KEN EGBAS POETRY PRIZE: WINNING POEMS

KEN EGBAS POETRY PRIZE: WINNING POEMS

I AM AFRICA – Ololade Akinlabi Ige (1st Prize)

I am the dusky son
of a hefty tripod sun
which dangles on rusty roof
and barks like a dog’s woof

I am Africa.

I am the product of an aged heritage,
My father’s fathers were inerudite sages
and with their replete basins of wisdom,
they made a fifty-three vast kingdoms

I am Africa.

My epidermis is a glittering coal,
Gleaming like an edible fruit of a Cole.
I am the rubbles of darkness in the night
And stripes of lightness at night

I am Africa.

In me are numerous temples of beauty,
I am a replica of my pretty mother.
I am lanky, vastly chubby and very dark.
I own ample wealth and honey, I don’t lack.

I am Africa,
Found in me are chunky mountains;
Between them are sacred fountains-
The oceans, the Niles and gurgling lakes,
Very white like the sheen eyes of daybreaks.

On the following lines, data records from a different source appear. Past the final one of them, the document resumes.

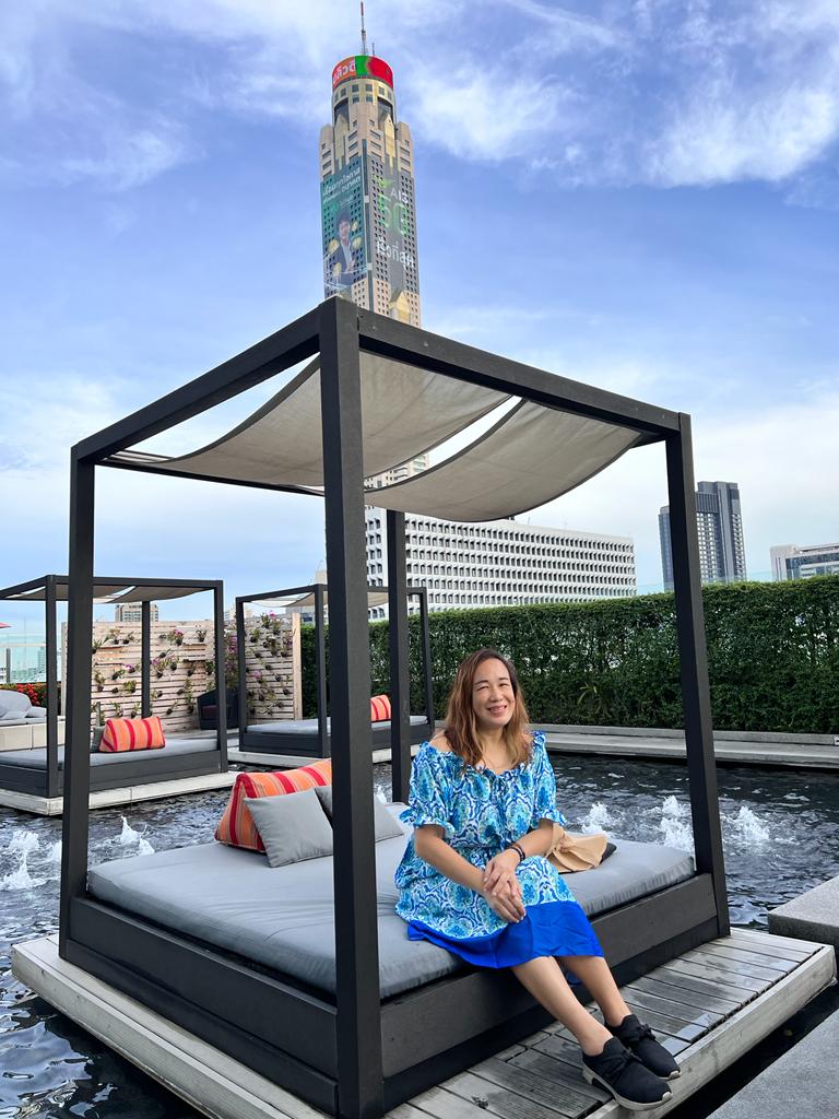 There is no swimming pool in Centara Watergate Pavillion Hotel Bangkok because of building restrictions, however the hotel team created a space called Moom Sabai where their guests can just lie down to chill and relax with the sight and sounds of water. You can even order cocktails from Infuze bar located adjacent to the reception.
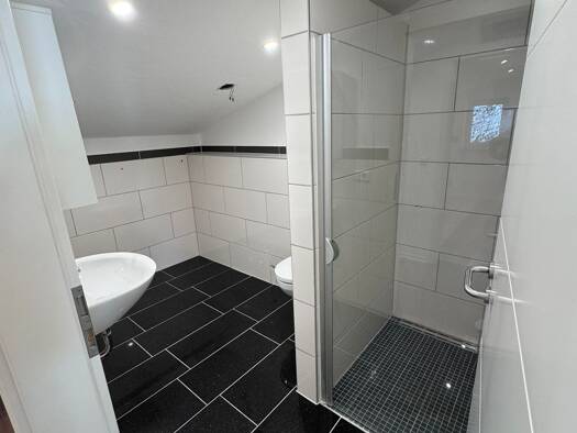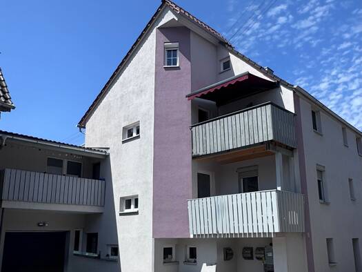 Wenn Sie das Nicht-Alltägliche suchen, sind Sie hier genau richtig: eine ehemalige Scheune wurde in diese großzügige Maisonettewohnung umgebaut. Sie besticht durch ihre außergewöhnliche Grundrissgestaltung mit viel Platz für die ganze Familie. Die Hauptwohnebene befindet sich im 1. Obergeschoss und bietet neben dem hellen Wohn-/Esszimmer noch Küche, zwei Schlafräume, Badezimmer, Diele und Gäste-WC. Vom Balkon genießen Sie eine schöne Aussicht ins Grüne. Das Dachgeschoss beherbergt ein Duschbad ...
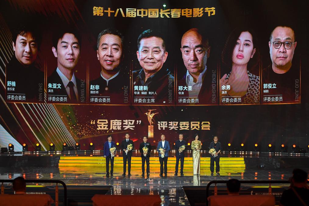 [신화망 창춘 8월29일] 28일 '제18회 중국 창춘(長春)영화제' 개막식 무대에 선 심사위원들.
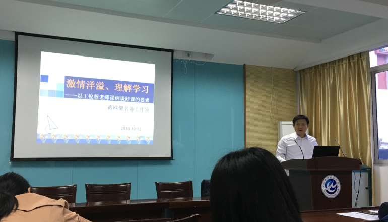 最后,名师工作室领衔人蒋网健校长对这两节课进行了精彩的点评,并作了“激情洋溢、理解学习——以王俊蓉老师课例谈好课的要素”的专题讲座。蒋校长从好课的定义、好课的标准、公开课的类型及研究好课的观察要点等几个方面将自己的认识和经验毫无保留地传递给了到场的每一位老师。
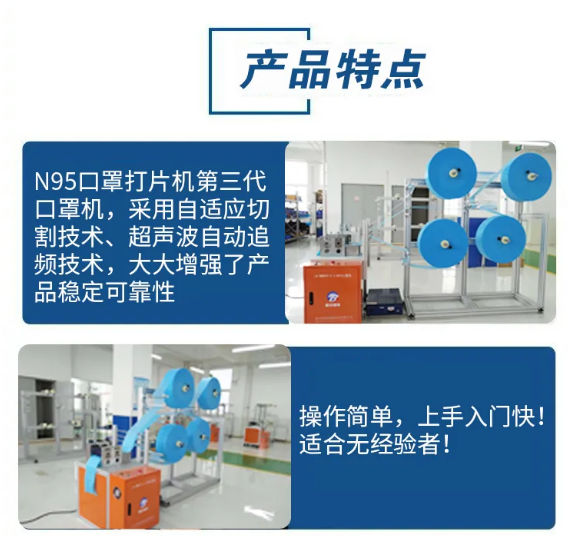 N95口罩機【第三代增強穩(wěn)定型】 型號:LB-MMN95-3.0 產(chǎn)量:40-70片/分鐘,6-10萬片/天 電壓:220V 功率:3300W 尺寸:2.6*0.9*1.8M 重量:200KG 層數(shù):4層,裝配式機架,方便增加卷盤,可以支持5層,6層 設(shè)備組成: N95口罩打片機(含鼻梁條機) N95口罩封邊機 N95口罩耳帶焊接機
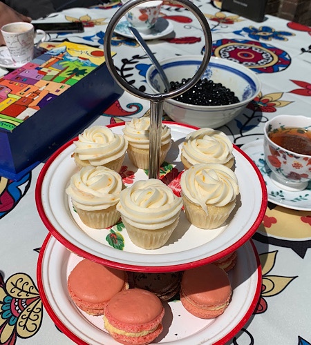 To celebrate the first week of distance learning, the kids asked for an afternoon tea party. Yes, of course! We had lemon blossom cupcakes, rose macarons, and earl grey chocolate macarons. Let’s get the party started!

You can search in me greener pastures,
I am that fertile land filled with organic manure.
My skin carries ego and the identity of pride
When you behold me, you shall see a noble pride.

I am the A in Accordance,
The F in Fertility,
And the R in Redemption.
I am the I in Indispensable,
The C in Cultural-value,
And the A in Abundance.
I am Africa.

HOW TO TELL THE AFRICAN STORY – Olanrewaju Moses (2nd Prize)

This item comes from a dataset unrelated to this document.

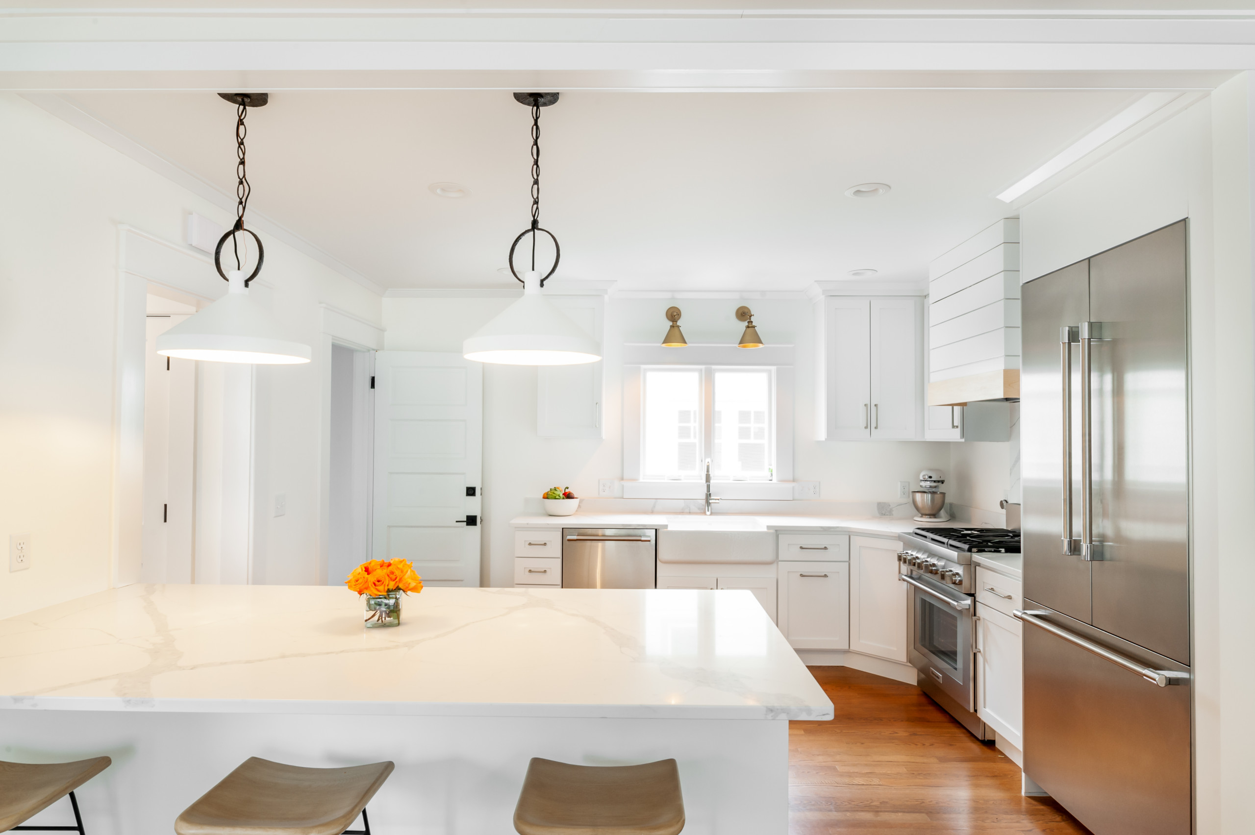 The pendants join dimmable recessed LED ceiling lights and a pair of burnished brass sconces over the sink for a layered lighting scheme. The brass sconces, stainless steel appliances, polished nickel faucet, white bronze cabinet hardware and rusted iron finish on the pendants create a mixed-metals look.

There are many ways to tell the African story;

Sometimes, you can tell it in pages of black and white,

And stand aside as black or white.

You can write about the boy who became a burnt cake in a white party

And next morning, you find white papers screaming his name in black ink

Because he touched a white girl that was not his sister

 

If you decide to be white, you are fine –

Because you get to walk in Italian heels,

And call your mother a witch

Because God does not like women who drag their feet –

Especially women with tribal marks

That remind you of the coastlines of Zambezi.

 

And if you decide to be black, well –

Pray that these western waters do not sweep you off your feet

Because when the rain comes

You might find yourself sunbathing at the bank of River Thames;

Or you can pray that you do not uproot your roots

With those hands you lift to sing hallelujah chorus

 

There are many ways to tell the African story

Sometimes, it begins where you slept off

The flavor of your mother tongue

From the mouth of a child

Because he does not wear the white man well;

Other times, we can tell our story under the moonlight,

Hiding behind a shadow that doesn’t belong to us,

 

But then, what is a story without an audience?

 

CHILD OF THE SOIL – Akinwole John Akintayo (3rd Prize)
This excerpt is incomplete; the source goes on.